Revisiting Eric Burdon

Eric Burdon 1

The memory of hearing Eric Burdon sing “House of the Rising Sun” with the Animals at the Odeon, Nottingham one summer night in 1964 — a week or two before it was released as a single — is as clear as yesterday. In some ways it was the precursor of a new kind of rock music. But to Burdon, as he explains in a new biographical documentary shown on BBC4 this weekend, it meant something different. When Alan Price, the group’s organist, took credit for the words (traditional) and the arrangement (borrowed by Bob Dylan from Dave Van Ronk), it damaged the singer’s faith in music as a collective endeavour: all for one and one for all.

Luckily, although the animosity towards Price is still burning fiercely more than half a century later, it didn’t cause Burdon to end his career. As Patti Smith, Bruce Springsteen and Steve Van Zandt testify in the programme, post-Price Animals hits like “We Gotta Get Out of This Place” and “It’s My Life” were nothing short of inspirational to the next generation. But as the decades went by, there was always a sense that Burdon, one of the great English R&B voices of the ’60s, never quite recaptured the same level of fulfilment.

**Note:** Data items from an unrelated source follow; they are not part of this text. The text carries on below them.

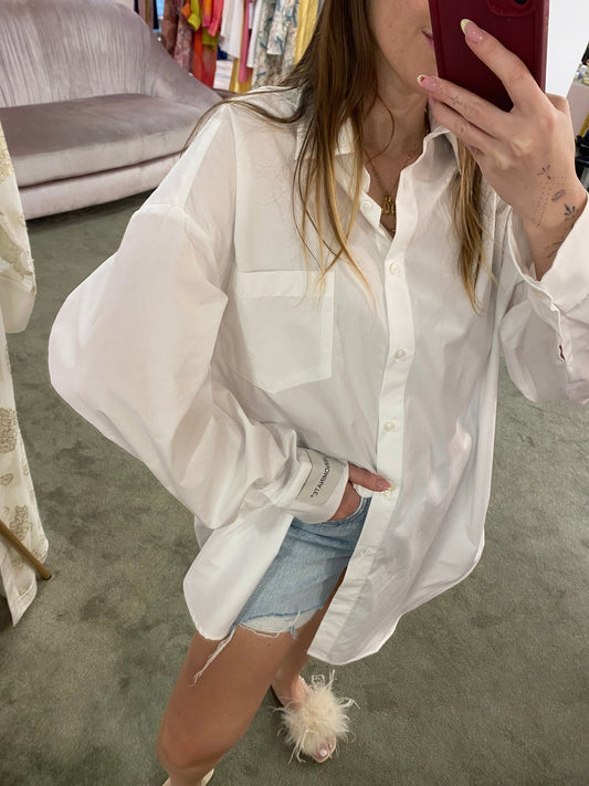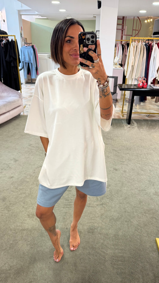 T-shirt bianca panna over in modal con spacchi hinnominate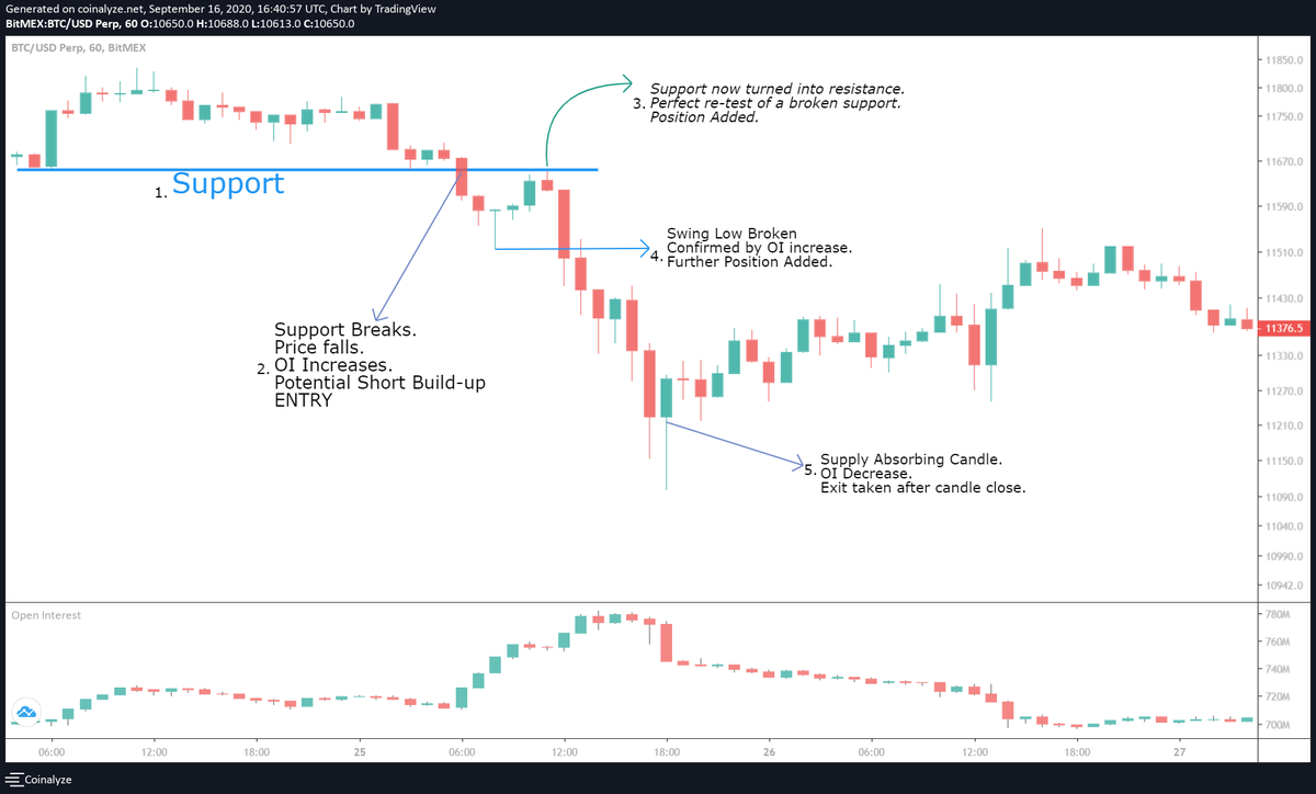 2. 지지 붕괴, 가격 하락 - OI 상승(숏 빌드업 예상), 숏 포지션 진입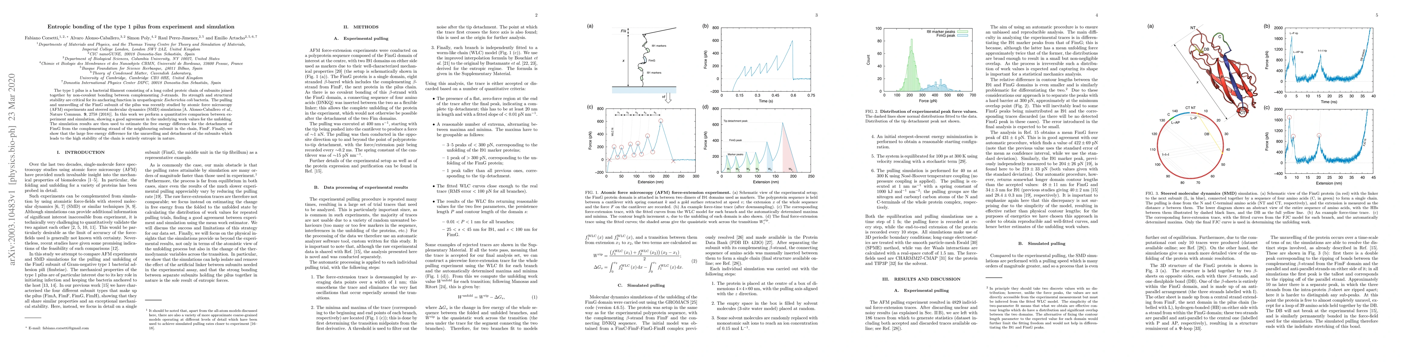The type 1 pilus is a bacterial filament consisting of a long coiled proteic chain of subunits joined together by non-covalent bonding between complementing $\beta$-strands. Its strength and structural stability are critical for its anchoring function in uropathogenic Escherichia coli bacteria. The pulling and unravelling of the FimG subunit of the pilus was recently studied by atomic force microscopy (AFM) experiments and steered molecular dynamics (SMD) simulations [A. Alonso-Caballero et al., Nature Commun. 9, 2758 (2018)]. In this work we perform a quantitative comparison between experiment and simulation, showing a good agreement in the underlying work values for the unfolding. The simulation results are then used to estimate the free energy difference for the detachment of FimG from the complementing strand of the neighbouring subunit in the chain, FimF. Finally, we show that the large free energy difference for the unravelling and detachment of the subunits which leads to the high stability of the chain is entirely entropic in nature.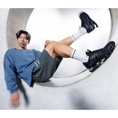 ■無機質な線が幾重にも重なり、畝りとなって縦横無尽に駆け巡り、洗練された都市を舞台に、アーバンスポーツの本質と、ミズノブランドの象徴であるランバードマークを融合し、アウトマークとして表現。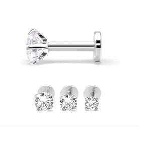 Piercing para tragus, labret, helix, etc. , ponto de luz com pedra de zirconia. Rosqueamento pela frente com base reta. Tamanhos das pedras: 4 mm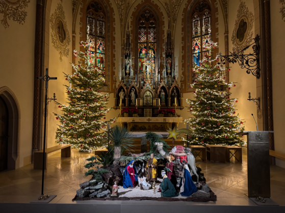 Danach rief Herodes die Sterndeuter heimlich zu sich und ließ sich von ihnen genau sagen, wann der Stern erschienen war. Dann schickte er sie nach Bethlehem und sagte: Geht und forscht sorgfältig nach, wo das Kind ist; und wenn ihr es gefunden habt, berichtet mir, damit auch ich hingehe und ihm huldige. Nach diesen Worten des Königs machten sie sich auf den Weg. Und der Stern, den sie hatten aufgehen sehen, zog vor ihnen her bis zu dem Ort, wo das Kind war; dort blieb er stehen. Als sie den Stern sahen, wurden sie von sehr großer Freude erfüllt. Sie gingen in das Haus und sahen das Kind und Maria, seine Mutter; da fielen sie nieder und huldigten ihm. Dann holten sie Ihre Schätze hervor und brachten ihm Gold, Weihrauch und Myrrhe als Gaben dar. Weil ihnen aber im Traum geboten wurde, nicht zu Herodes zurückzukehren, zogen sie auf einem anderen Weg heim in ihr Land.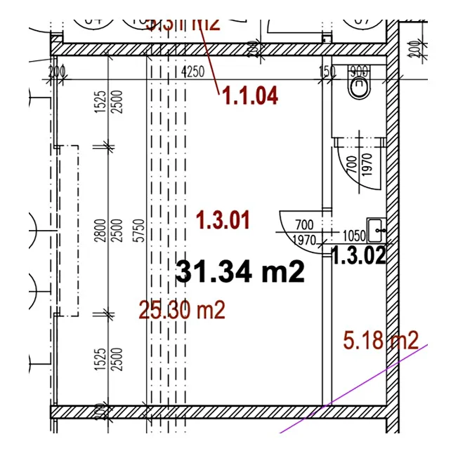 Obchodní jednotka má celkovou plochu 31,34 m².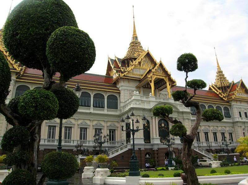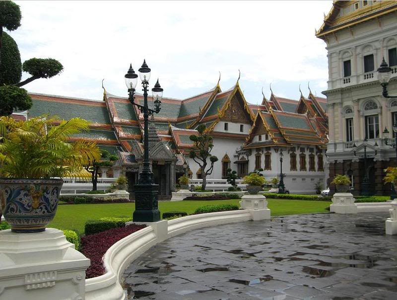 Нужно сказать, что королевская семья уже не живёт в этом дворце. Они переехали в другой дворец, в северной части Бангкока, а сюда наезжают лишь для того, чтобы нарядить Изумрудного Будду, и вот по случаю необходимости оказания траурных почестей родственнице. Мы с Тоней едили к тому дворцу, но там нечего смотреть или фотографироват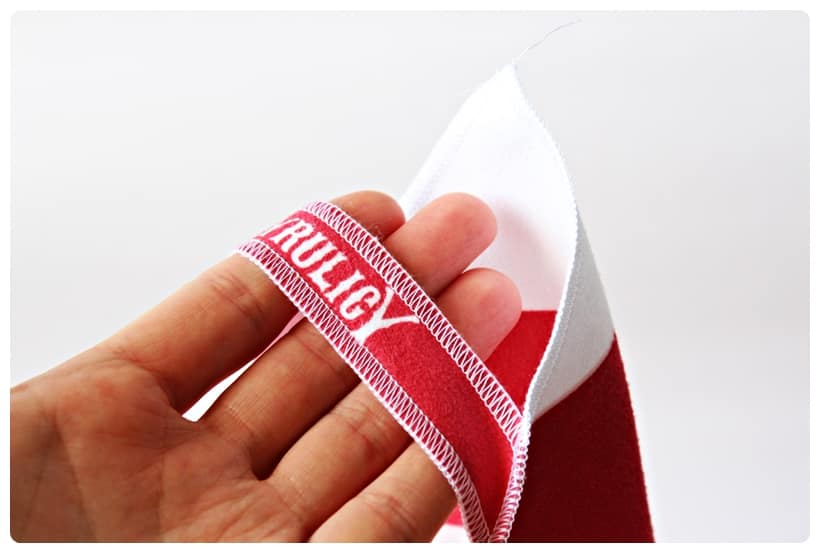 Co więcej, brzegi ręcznika są pięknie obszyte tak aby się nie pruł. W jednym z rogów widnieje logo marki, a po drugiej stronie w przeciwległym roku znajduje się specjalny pasek z napisem Cyrulicy, za który możecie powiesić ręcznik.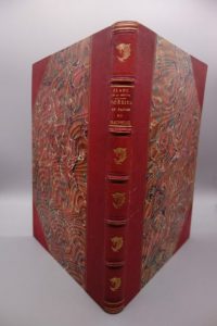 BLANC DIT LA GOUTTE. POÉSIES EN PATOIS DU DAUPHINÉ - GRENOBLE MALHÉROU. GRENOBLE, IMPRIMERIE BARATIER, 1860 - GRENOBLE, RAHOULT ET DARDELET, 1874. Un volume, in-4, de 135 pp., (2) ff. - IX pp., 75 pp., demi-reliure à coins en chagrin rouge. Dos à 5 nerfs orné entre les nerfs d'une pièce dorée du blason du Dauphiné et portant le titre doré, filets dorés sur les plats, tête dorée. Quelques rousseurs pâles.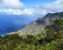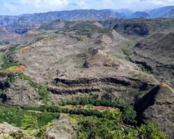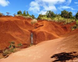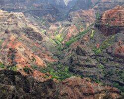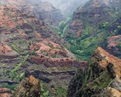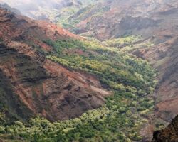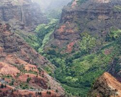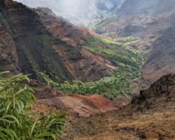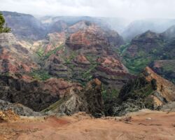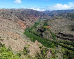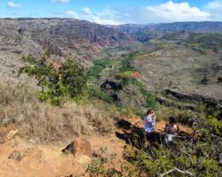 The next day we split up and drove our crew up into Waimea Canyon with Sharidi, Molina, K, and Jade.  On the way up, we took a random side road that brought us to a super cute little old town of Hanapepe.  It is a place I would love to go back to.  In recounting our trip to Dennis, he was fairly certain that was the town he and Lissa had bought some paintings that they love and adorn their home.  Up Waimea Canyon on Steve’s advice, we stopped at a couple of the Lookouts and at the Red Dirt Waterfall.  We eventually got to the end of the road at Pu’u O Kila Lookout and had a spectacular view of the Na Pali Coast.  It was a great day of short little hikes and spectacular vistas.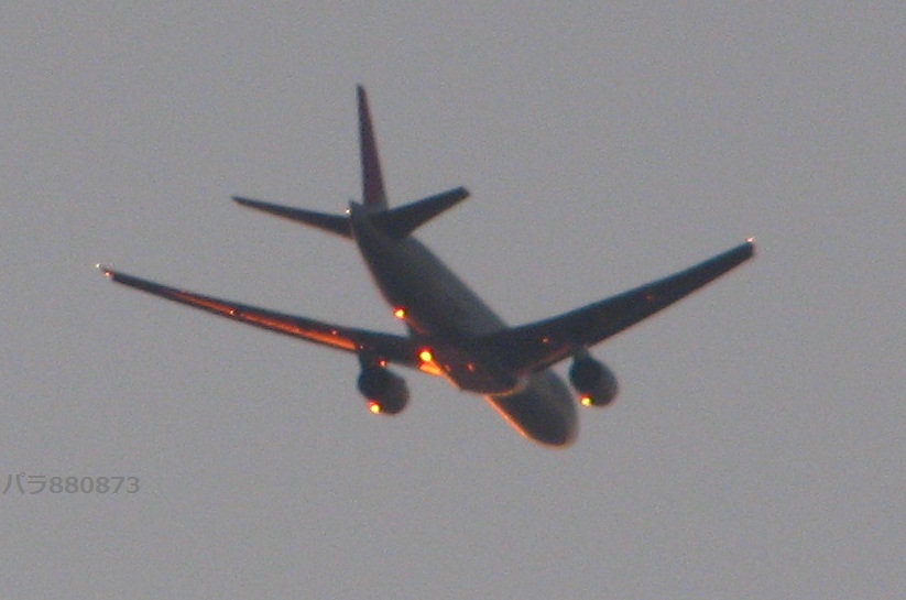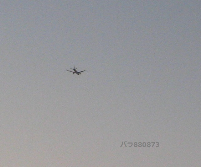 羽田発国内線の旅客機が夕焼けを受けて飛んで行きます。

The hour-long Eric Burdon: Rock and Roll Animal, directed by Hannes Rossacher, is a co-production by the BBC with ZDF and Arte. There are interesting passages on his apprenticeship at the Club A Go Go in Newcastle, his relationship with Jimi Hendrix, his time in San Francisco and his collaboration with War — who dumped him, he claims, because he was the white guy in the band (there was actually another, the harmonica-player Lee Oskar). There’s quite a lot of stuff about his 50-odd years of living in California, and we see him cruising through the desert in some ’70s gas-guzzler or other.

We leave him, weathered but unbowed, with his new American band — new in 2018, anyway, when the film was made — preparing to record an album. He sings “Across the Borderline”, the great song written in 1981 by Ry Cooder with Jim Dickinson and John Hiatt for the soundtrack of Tony Richardson’s The Border, a film about immigrants. Originally sung by Freddie Fender, it subsequently found its way into the repertoires of Springsteen, Bob Dylan, Jackson Browne and Willie Nelson. It suits Eric Burdon just fine.

* The screen-grab is from Eric Burdon: Rock and Roll Animal, which can be watched on BBC iPlayer until the end of March.